Supported Platforms¶
- Windows: Windows Server 2012+ / Windows 10+
- Linux: All modern distributions (Ubuntu, RHEL, CentOS, Debian, etc.)
- macOS: macOS 10.13+ (with graceful degradation)
- BSD: FreeBSD, OpenBSD, NetBSD
Platform-specific metrics are automatically detected and collected based on the operating system.
macOS Platform Notes¶
On macOS, the gopsutil library has limited support for detailed CPU time metrics (cpu.Times()). The CPU probe implements graceful degradation:
- If detailed CPU times unavailable: Probe continues with load average metrics (cpu_load1, cpu_load5, cpu_load15)
- Always available: CPU usage percentage (cpu_usage_total, cpu_core_usage)

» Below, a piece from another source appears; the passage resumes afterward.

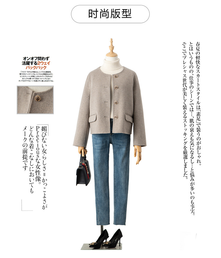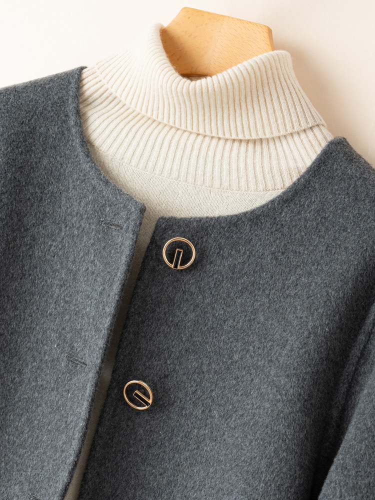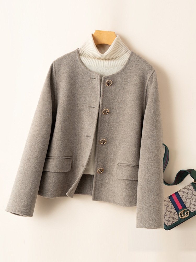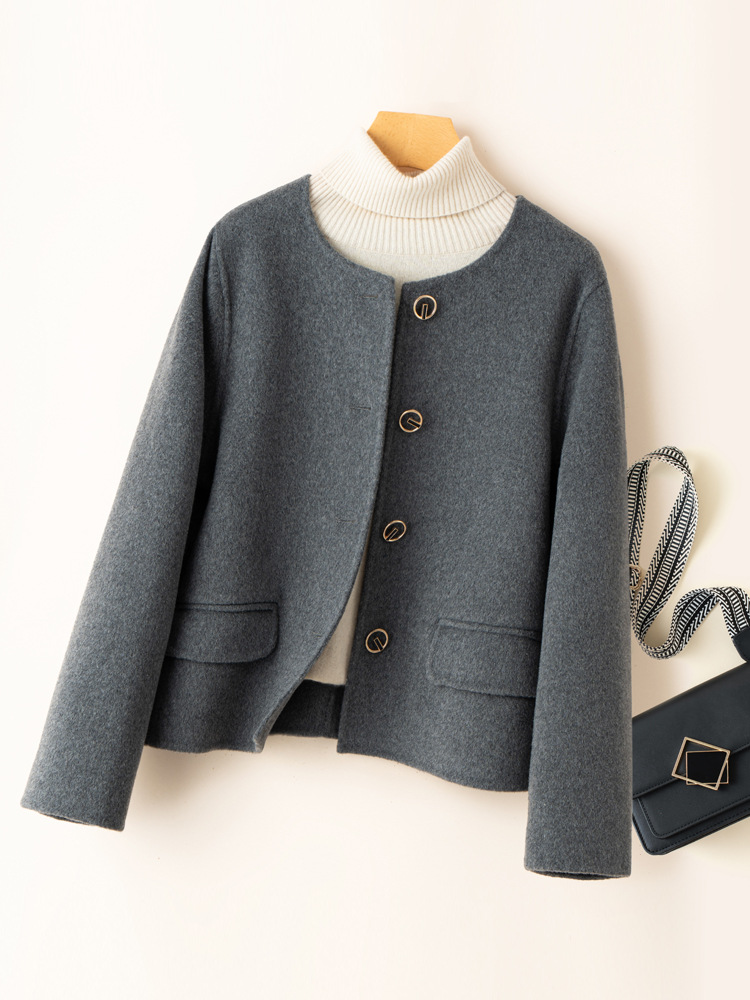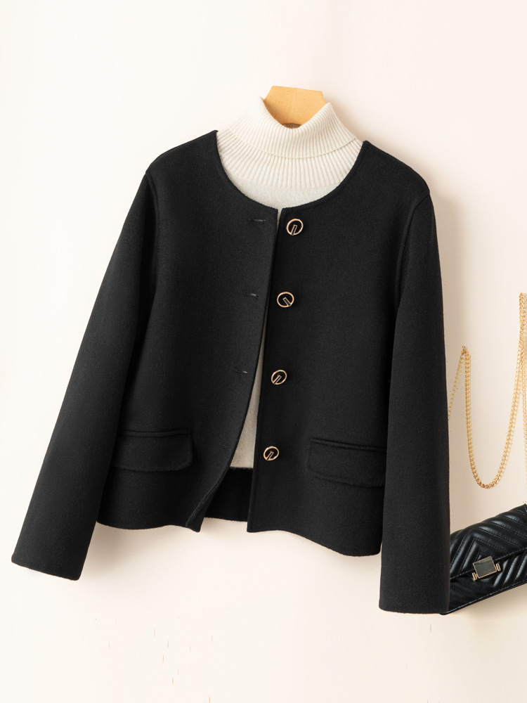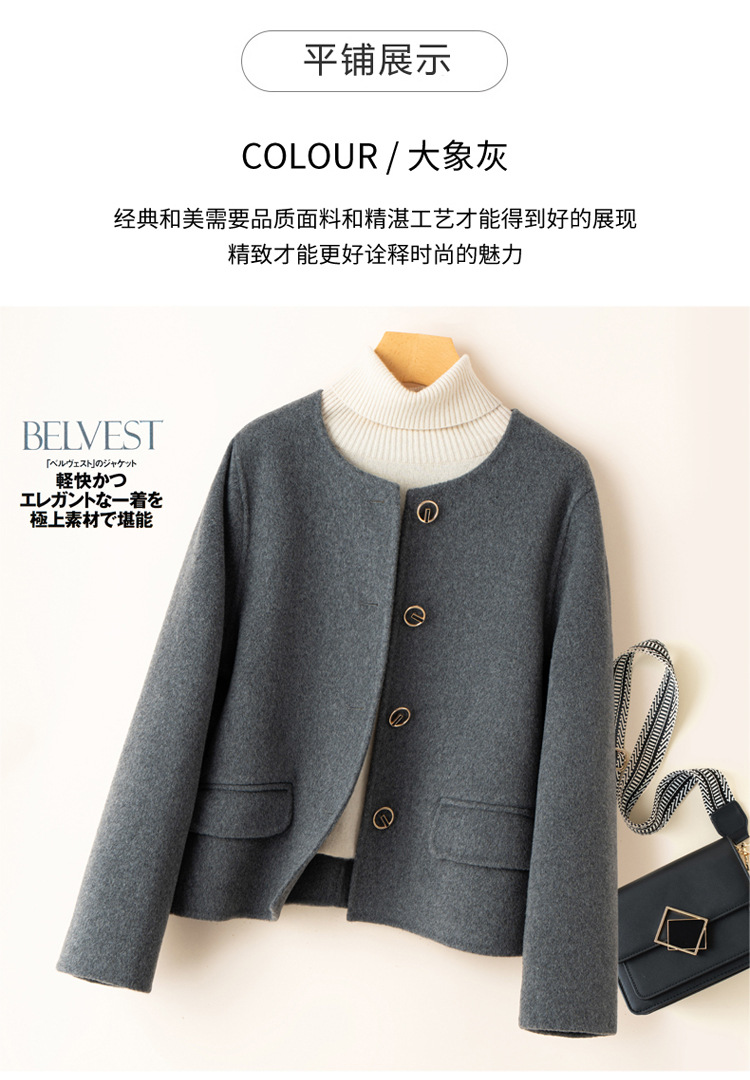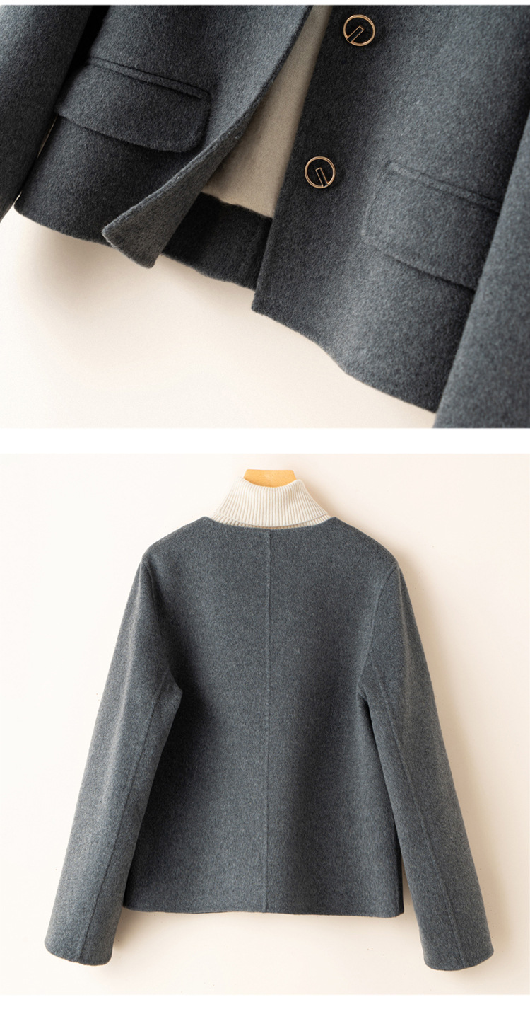 양면 양모 샤넬 스타일 코트 여성 하이 엔드 가을 착용 짧은 라운드 넥 한국 모직 코트

- Behavior: Logs warnings for unavailable metrics but remains active
This ensures the probe stays functional even when platform limitations exist, providing at minimum load average and usage percentage metrics.
Key Metrics Summary¶
Cross-Platform Metrics¶
| Metric | Description | Available On |
|---|---|---|
cpu_usage_total |
Total CPU usage percentage (0-100%) | All platforms |
cpu_core_usage |
Per-core CPU usage percentage | All platforms |
cpu_user |
User-mode CPU time | All platforms |
cpu_system |
System-mode CPU time | All platforms |
cpu_irq |
Hardware interrupt time | All platforms |
cpu_softirq |
Software interrupt time | All platforms |
Unix/Linux/macOS Specific¶
| Metric | Description |
|---|---|
cpu_idle |
CPU idle time (seconds) |
cpu_nice |
CPU nice priority time (seconds) |
cpu_iowait |
CPU I/O wait time (seconds) |
cpu_steal |
CPU steal time for VMs (seconds) |
cpu_load1 |
Load average (1 minute) |
cpu_load5 |
Load average (5 minutes) |
cpu_load15 |
Load average (15 minutes) |
Windows Specific¶
| Metric | Description |
|---|---|
cpu_dpc_rate |
Deferred Procedure Calls per second |
cpu_dpc_queued |
DPCs queued per second |
cpu_interrupts |
Hardware interrupts per second |
cpu_queue_length |
Processor queue length |
Configuration Parameters¶
| Parameter | Type | Default | Description |
|---|---|---|---|
interval |
integer | 30 |
Collection interval in seconds |
Example Configurations¶
High-frequency monitoring (every 10 seconds):
Standard monitoring (every minute):
Monitoring Tool Integration¶
PRTG Network Monitor¶
Access CPU metrics in PRTG JSON format:
# All CPU metrics
curl http://localhost:8080/api/{agentkey}/prtg/metrics
# Configure PRTG HTTP Advanced Sensor:
# - URL: http://agent-host:8080/api/{agentkey}/prtg/metrics
# - Method: POST
# - Request body: {"probe": "cpu"}
PRTG Channels Available: - CPU Total Usage (%) - CPU Core 0-N Usage (%) - CPU User Time (% or seconds) - CPU System Time (% or seconds) - CPU Load Average (Linux/Unix) - DPC Rate & Interrupts (Windows)
Nagios¶
Access CPU metrics in Nagios format:
# All CPU metrics with performance data
curl http://localhost:8080/api/{agentkey}/nagios/metrics?probe=cpu
# Example output:
# OK - CPU monitoring active | cpu_usage_total=42.5%;80;90 cpu_load1=1.23;;;
Nagios Performance Data:
- cpu_usage_total - Total CPU usage with 80% warning, 90% critical
- cpu_load1, cpu_load5, cpu_load15 - Load averages (Unix)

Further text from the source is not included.